Recent studies show that the virus can have two main types of spread: hierarchical spread – from urban hubs with available services and infrastructure – and by contagion, from one city to others in its surroundings7,8. In this pandemic conjuncture, it is essential to monitor the spread of the virus and its behavior in time and space. It is important to emphasize that the dissemination of SARS-CoV-2 does not occur homogeneously, and knowing its spatial and temporal behavior enables tracing areas of greater risk, providing support for decision-making by health managers9. Considering these needs, this study aims to analyze the temporal trend and spatial distribution of positive cases for COVID-19 in the city of Jundiaí/SP, Brazil, and their correlation with the income and population density of the districts.

METHODS

Study design

This is an epidemiological investigation conducted in the city of Jundiaí, state of São Paulo, Brazil, from March to June 2020. Data collection for this study was carried out in three stages: 1) survey of positive cases confirmed by the Epidemiological Surveillance (ES); 2) seroepidemiological survey with users that presented with symptoms for Severe Acute Respiratory Syndrome (SARS) who sought service in Basic Health Units (UBS); 3) seroepidemiological survey in households in the city.

Jundiaí has a territory of 431,207 km² and an estimated population, in 2019, of 409,497 inhabitants10, with its territory divided into 74 districts and four main health regions (Figure 1).
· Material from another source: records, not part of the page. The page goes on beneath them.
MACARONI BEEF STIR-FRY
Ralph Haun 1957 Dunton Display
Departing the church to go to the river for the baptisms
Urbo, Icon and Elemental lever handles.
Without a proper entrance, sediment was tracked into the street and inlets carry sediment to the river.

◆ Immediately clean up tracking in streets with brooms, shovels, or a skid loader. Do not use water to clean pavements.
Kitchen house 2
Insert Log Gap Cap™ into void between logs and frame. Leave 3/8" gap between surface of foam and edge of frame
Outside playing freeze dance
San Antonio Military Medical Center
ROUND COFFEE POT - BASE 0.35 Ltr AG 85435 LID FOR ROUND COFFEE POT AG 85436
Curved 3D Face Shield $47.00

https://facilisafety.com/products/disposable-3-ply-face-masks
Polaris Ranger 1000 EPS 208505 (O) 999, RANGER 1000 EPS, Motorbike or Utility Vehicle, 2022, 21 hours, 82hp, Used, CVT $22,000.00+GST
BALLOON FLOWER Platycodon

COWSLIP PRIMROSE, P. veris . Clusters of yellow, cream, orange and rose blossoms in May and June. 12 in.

During the pandemic, the city has three sentinel UBS, which are the main health care units for service geared toward flu-like illnesses.
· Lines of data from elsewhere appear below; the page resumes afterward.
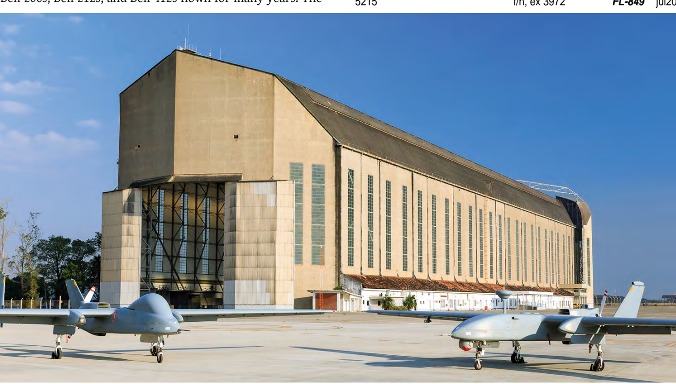
The Brazilian air force RQ-1150 is a VANT. Let us translate that... These machines are 'veículo aéreo não tripulado', or unmanned aerial systems, as we refer to them. Originally delivered as Heron I to the Federal Police and incorporated by 1°/7°Gav to operate along their P-3AM Orions. (Santa Cruz, 23 July 2020,)

3972 reregistered as 5215 FL-849 5215 f/ n, ex 3972 FL-849 jul20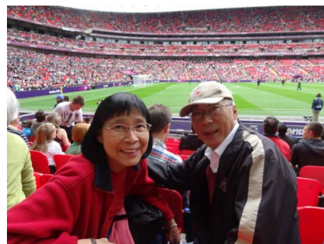
Inside Wembley Stadium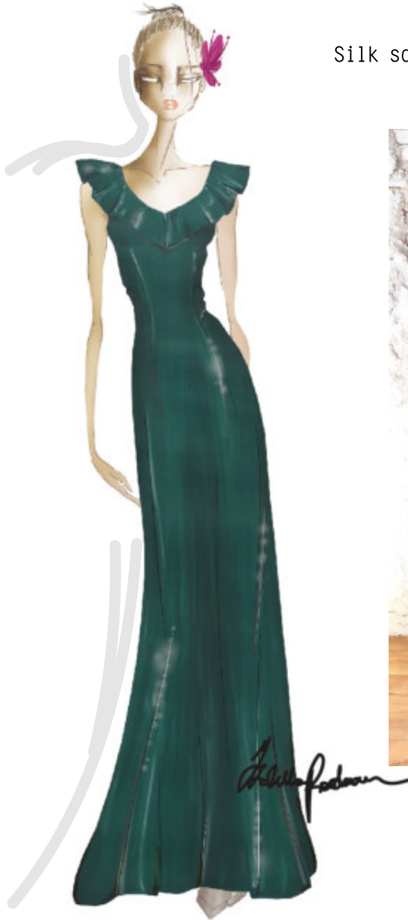
Silk satin dress.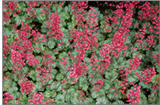
Paris Coral Bells in bloom

Paris Coral Bells will grow to be about 8 inches tall at maturity extending to 14 inches tall with the flowers, with a spread of 14 inches. When grown in masses or used as a bedding plant, individual plants should be spaced approximately 12 inches apart. Its foliage tends to remain low and dense right to the ground. It grows at a medium rate, and under ideal conditions can be expected to live for approximately 10 years. As an evergreen perennial, this plant will typically keep its form and foliage year-round.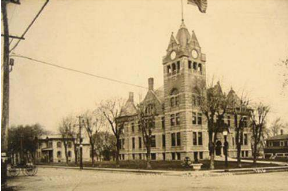
Waseca County Courthouse (ca. 1900s). Waseca, Minnesota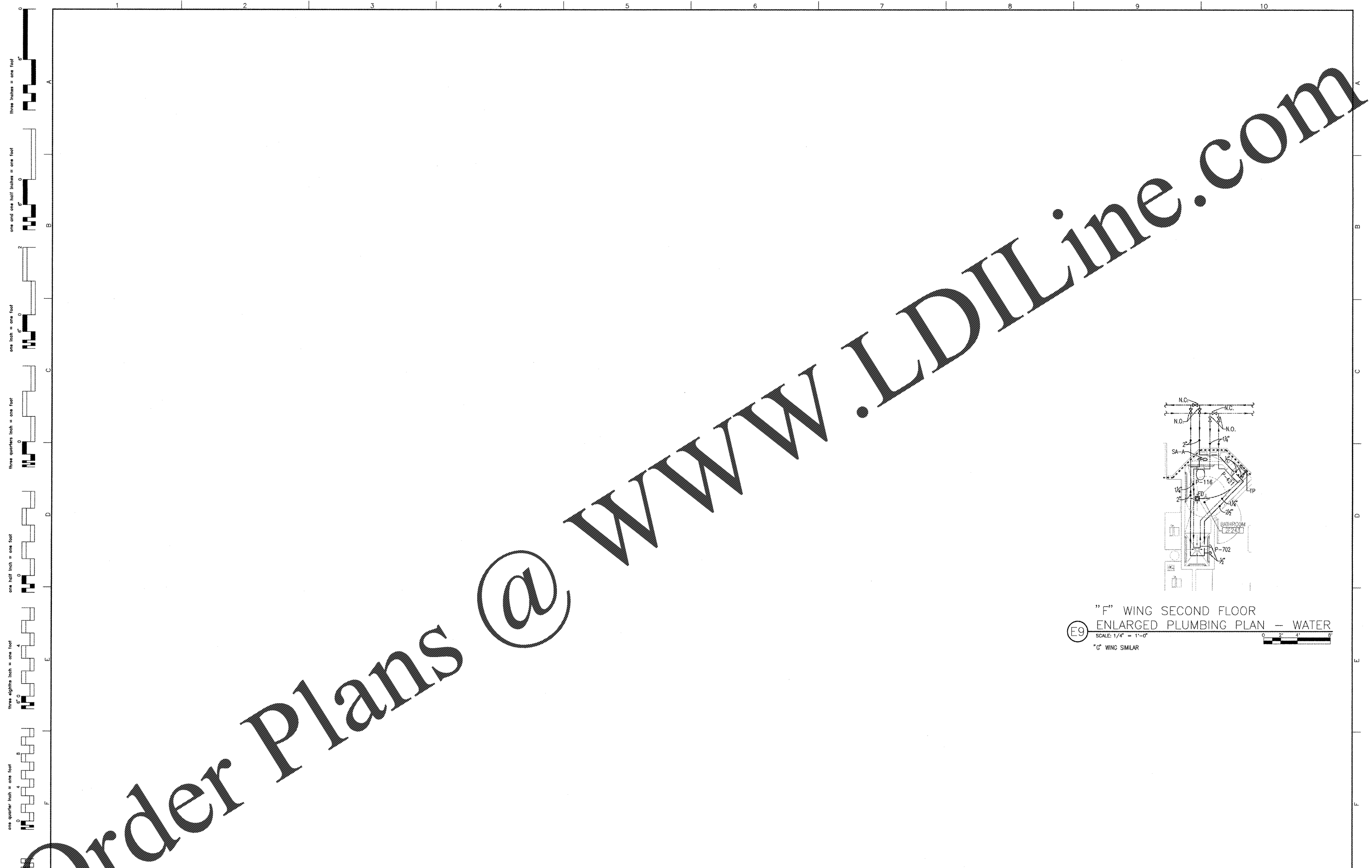
(E9) "F" WING SECOND FLOOR ENLARGED PLUMBING PLAN — WATER SCALE: 1/4" = 1'-0" "G" WING SIMILAR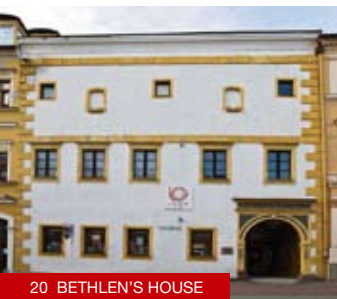
20 BETHLEN'S HOUSE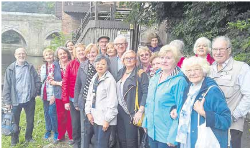
Hosts, County Durham Friendship Force International with the visiting group of ambassadors from Sydney, Australia.

 Location of the city of Jundiaí in the metropolitan area of São Paulo and its administrative division into 74 districts, 2020
Figure 1
Location of the city of Jundiaí in the metropolitan area of São Paulo and its administrative division into 74 districts, 2020

Study participants

For step 1, all positive cases notified and confirmed in the period from March to June 2020 were obtained from the municipal ES. At this step, notified cases (regardless of age group) were considered and only the number of cases per day was obtained – according to the onset of first symptoms –, with no other information referring to the notifications. For step 2, there was participation of individuals with symptoms who resided in the city and sought service at UBSs and, in step 3, of residents of selected households who agreed to participate in the seroepidemiological survey, regardless of age group.

Study variables

The variables used for analysis of the time series were: date of first symptoms; number of notified and confirmed cases per day; and moving average (two days) of the number of cases. We decided to adopt the date of first symptoms for the time series because this information is more reliable than the date the case was notified to the ES.

For spatial analysis, we adopted as variables the geographic coordinates of the household (participants in steps 2 and 3), average per capita income of the districts in 2019, and number of residents per district, updated in 2016 by the Department of Social Surveillance of the Municipality.

Sample size and selection

For step 1, sample calculation was not necessary, as it was composed of all positive cases notified in the period. The total sample consisted of 4,727 cases.

Sample calculation for step 2 considered a 10% prevalence of positive diagnoses in the tests, an alpha of 0.05, power of 95%, Odds Ratio (OR) = 3.0. In the sample of 940 participants, 20% of the sample size was added to offset any losses, reaching a total of 1,175 individuals. In this step, participants were selected randomly, through the participation of patients with symptoms who sought service at the UBS. We established a target number of individuals based on the weekly average number of quick tests, which resulted in a total of 1,181 participants.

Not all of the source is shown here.